** Opening PROVIDED INFORMATION block **

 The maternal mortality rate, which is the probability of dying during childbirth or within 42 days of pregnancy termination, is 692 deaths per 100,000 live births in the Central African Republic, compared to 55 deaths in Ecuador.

** Closing PROVIDED INFORMATION block **
** Opening PROVIDED INFORMATION block **

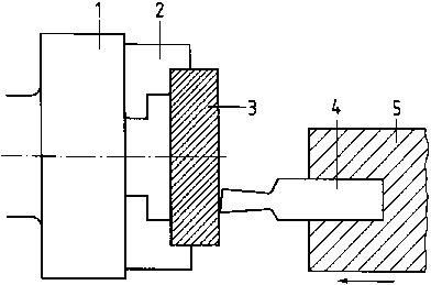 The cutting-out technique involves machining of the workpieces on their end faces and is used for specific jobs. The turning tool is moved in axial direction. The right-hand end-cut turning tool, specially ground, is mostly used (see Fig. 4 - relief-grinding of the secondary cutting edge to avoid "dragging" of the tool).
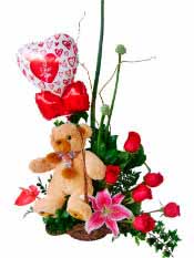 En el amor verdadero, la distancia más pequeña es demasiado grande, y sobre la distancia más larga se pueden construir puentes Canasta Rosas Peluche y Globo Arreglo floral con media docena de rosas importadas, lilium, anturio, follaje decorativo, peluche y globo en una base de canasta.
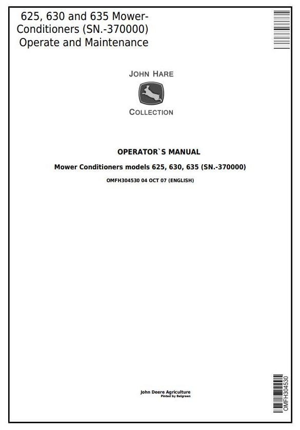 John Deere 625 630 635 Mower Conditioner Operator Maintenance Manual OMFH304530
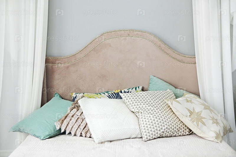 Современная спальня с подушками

** Closing PROVIDED INFORMATION block **
** Opening PROVIDED INFORMATION block **

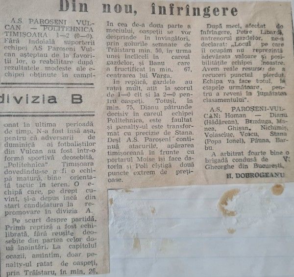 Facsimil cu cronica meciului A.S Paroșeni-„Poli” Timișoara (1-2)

** Closing PROVIDED INFORMATION block **

[ASSIGNED TASK]
In the listing above, find the line containing "John Deere 625" and the line containing "Современная спальня с подушками", then print exactly those two lines and every line between them, minus the pictures.

[WRITTEN RESPONSE]
 John Deere 625 630 635 Mower Conditioner Operator Maintenance Manual OMFH304530
 Современная спальня с подушками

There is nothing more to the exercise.